The truffle trade in the Drôme is characterized by tradition. This old-fashioned Libra belongs to a wholesaler and is still in use

The man takes a look at the goods. If he is interested, she is weighed with a letter scale, which is standing view in the trunk. Then quietly discussed the price, so quiet that no competitor can hear. Then the man writes the negotiated amount on a piece of paper and gives it to the truffle seller. He goes to the driver's seat of the car, where another man sits. Through the window, the note moves in and comes back: a bundle of bills, which is hastily put away. The market policeman, who patrols every Saturday to deter pickpockets, watches with a relaxed expression. The tax too.

Truffle oak seedlings: truffles may grow under them in fifteen years. Maybe not

The buyers are wholesalers, explains Philippe. Most of them supply top European restaurants. Dealers and suppliers have known and trusted each other for many years.

Anyone who breaks in here as a stranger is ignored. Or you turn to him the less valuable Brumale truffles, which are very similar to the Rabasses. That's what happened to him too, says Philippe.

A man in a black felt hat comes along, the truffle hunter's typical headgear. He is a friend of Philippe, he does not say his name. Like everyone here, he knows the daily rate, although no one talks aloud about what he got: Today there are around 500 euros for a kilo. Who can negotiate well, brings out 600 euros or more. Not a bad price.

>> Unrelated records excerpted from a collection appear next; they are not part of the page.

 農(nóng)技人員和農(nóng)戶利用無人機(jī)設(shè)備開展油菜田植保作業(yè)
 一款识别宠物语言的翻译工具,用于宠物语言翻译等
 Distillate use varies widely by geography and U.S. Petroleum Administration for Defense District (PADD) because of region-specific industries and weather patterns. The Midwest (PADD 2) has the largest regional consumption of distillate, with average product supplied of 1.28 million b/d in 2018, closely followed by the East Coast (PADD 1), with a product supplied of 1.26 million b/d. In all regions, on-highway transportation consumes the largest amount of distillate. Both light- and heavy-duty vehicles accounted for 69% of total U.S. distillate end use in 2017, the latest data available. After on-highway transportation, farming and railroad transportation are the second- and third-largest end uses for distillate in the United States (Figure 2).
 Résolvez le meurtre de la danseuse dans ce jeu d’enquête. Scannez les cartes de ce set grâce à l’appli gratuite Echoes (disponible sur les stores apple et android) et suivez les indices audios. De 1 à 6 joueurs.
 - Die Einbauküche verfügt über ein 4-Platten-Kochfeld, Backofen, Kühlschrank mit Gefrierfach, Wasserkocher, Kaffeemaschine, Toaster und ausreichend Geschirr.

But Philip's friend complains that the harvest is miserable this year, and he'll give up the cavage, the truffle search now. Philippe stays calm. "The whining is part of the ritual here," he says. Just like the subsequent rosé wine in the restaurant "L'Escapade" opposite the market. Anything that has (or has) truffles meets here at point one. One scolds, one discusses, one understates one another. And then you calmly eat the traditional brouillade, the truffle omelette, which costs 30 euros.

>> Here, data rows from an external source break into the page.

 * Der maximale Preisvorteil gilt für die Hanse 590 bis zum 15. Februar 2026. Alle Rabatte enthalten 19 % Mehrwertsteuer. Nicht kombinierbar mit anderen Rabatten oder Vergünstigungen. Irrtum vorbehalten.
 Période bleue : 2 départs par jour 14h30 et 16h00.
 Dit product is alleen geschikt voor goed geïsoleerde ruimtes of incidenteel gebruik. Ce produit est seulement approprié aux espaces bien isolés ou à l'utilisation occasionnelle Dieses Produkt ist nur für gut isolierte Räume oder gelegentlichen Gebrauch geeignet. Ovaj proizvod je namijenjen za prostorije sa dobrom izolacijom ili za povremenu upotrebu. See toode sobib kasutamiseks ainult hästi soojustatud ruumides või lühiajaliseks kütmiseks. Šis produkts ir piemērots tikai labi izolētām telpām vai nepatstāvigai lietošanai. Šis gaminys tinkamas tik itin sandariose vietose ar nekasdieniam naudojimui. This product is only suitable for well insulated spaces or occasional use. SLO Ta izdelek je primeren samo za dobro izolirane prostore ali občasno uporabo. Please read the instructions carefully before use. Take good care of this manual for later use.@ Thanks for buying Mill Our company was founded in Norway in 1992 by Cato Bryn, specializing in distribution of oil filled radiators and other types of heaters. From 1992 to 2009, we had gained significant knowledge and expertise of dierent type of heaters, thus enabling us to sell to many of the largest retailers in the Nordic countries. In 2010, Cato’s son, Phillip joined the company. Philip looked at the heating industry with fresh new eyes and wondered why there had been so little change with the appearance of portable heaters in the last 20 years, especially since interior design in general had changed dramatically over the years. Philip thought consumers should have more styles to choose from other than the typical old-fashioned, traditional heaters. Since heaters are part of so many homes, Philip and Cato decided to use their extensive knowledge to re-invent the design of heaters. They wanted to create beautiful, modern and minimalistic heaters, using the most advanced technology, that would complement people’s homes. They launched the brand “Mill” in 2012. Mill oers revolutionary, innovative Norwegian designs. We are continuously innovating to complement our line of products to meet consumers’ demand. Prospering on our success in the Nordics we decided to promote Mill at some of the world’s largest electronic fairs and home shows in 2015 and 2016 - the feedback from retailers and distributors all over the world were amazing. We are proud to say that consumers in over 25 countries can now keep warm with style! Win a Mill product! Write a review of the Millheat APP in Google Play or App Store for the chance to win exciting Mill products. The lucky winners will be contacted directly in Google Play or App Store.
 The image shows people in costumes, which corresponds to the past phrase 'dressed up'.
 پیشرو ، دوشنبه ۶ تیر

The complaints are not without reason. For decades, the amount of wildly found truffles has fallen, due to global warming, but also to the growing number of hunters. Anyone who can afford it therefore creates a truffle grove, a so-called Truffière. The seedlings, mostly young oak trees, can be bought everywhere. Truffle spores are already believed to adhere to the roots of these oaks. If that's really the case, you'll only get out ten years later. That's how long the mushrooms need to grow. If they do it.

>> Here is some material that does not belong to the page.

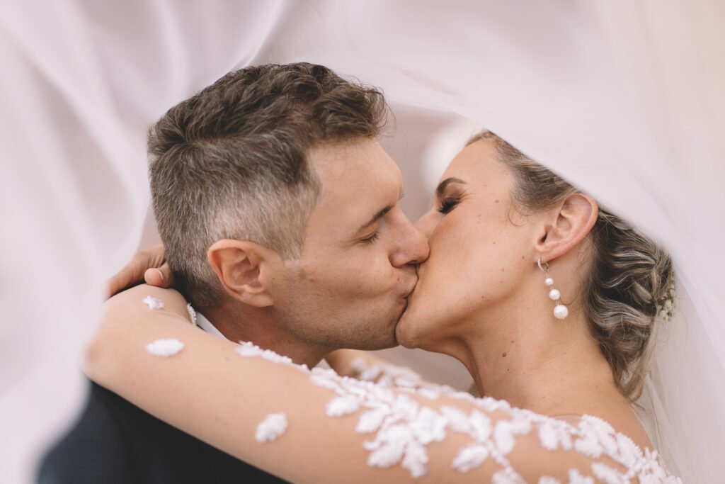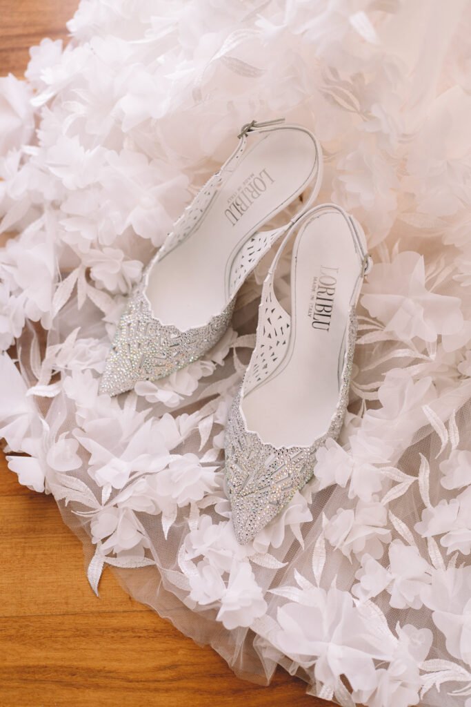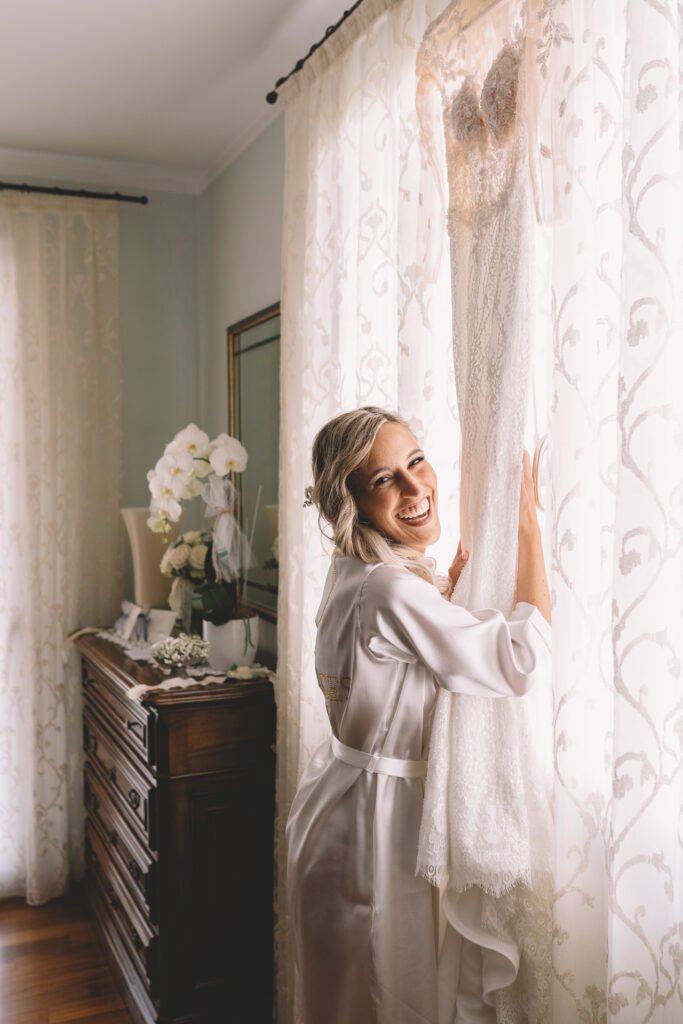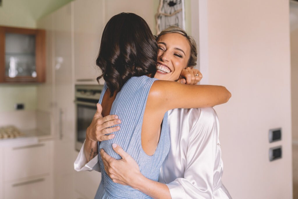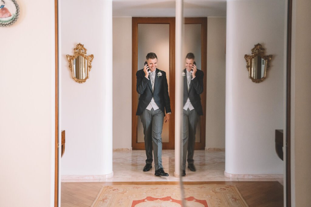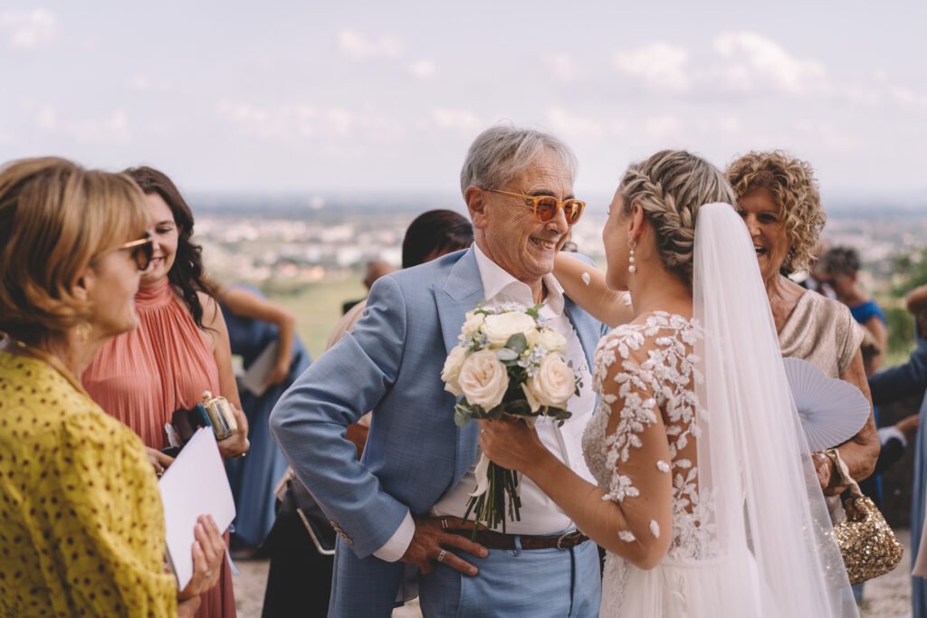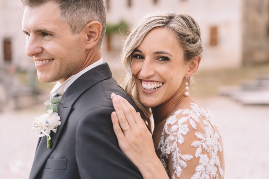 Giulia era un vero spettacolo in un magnifico abito di Mariages, che aggiungeva un tocco di eleganza classica alla giornata. Ogni dettaglio dell’abito era pensato per risaltare la bellezza naturale della sposa, rendendola protagonista assoluta del giorno.

Dogs to truffle search is worthwhile. You can get up to 5000 Euros for a good beagle

Philippe owns a grove. One with truffles. He drives us there. However, where "there" is, we must not betray. A mixed breed dog accompanies us, we can not reveal more.

"Allez!" Shouts Philippe. The bitch is running cross-country, her nose on the ground. After two minutes, she digs a small hole next to an oak tree. Carefully, Philippe probes the earth with an iron hook. Then he pulls out a walnut-sized dirty stone. A black truffle. It should be worth about 50 euros. A field full of money. How nice.

There are people pulling nylon strings between their trees at night, says Philippe. The cords are connected to a bell. In case of alarm, the owner immediately goes out with a rifle. However, bullets are not shot at the thieves - but at their dog. "That works." And his grove? Oh, says Philippe, stretched out, he has a deal with the neighbor ...

One of Bénédictes starters: A picodon, a fresh goat cheese from the Drôme, filled with truffles. In addition: thick truffle slices

What Philippe reaps does not end up in the market, but directly in Bénédicte's kitchen. And she conjures with it. Today there is salad with thick slices of black truffles, scallops, truffled pigeon and for dessert a truffle tiramisu. This inconspicuous mushroom that smells like old garlic and looks like a dirty stone - it's worth all the hustle and bustle.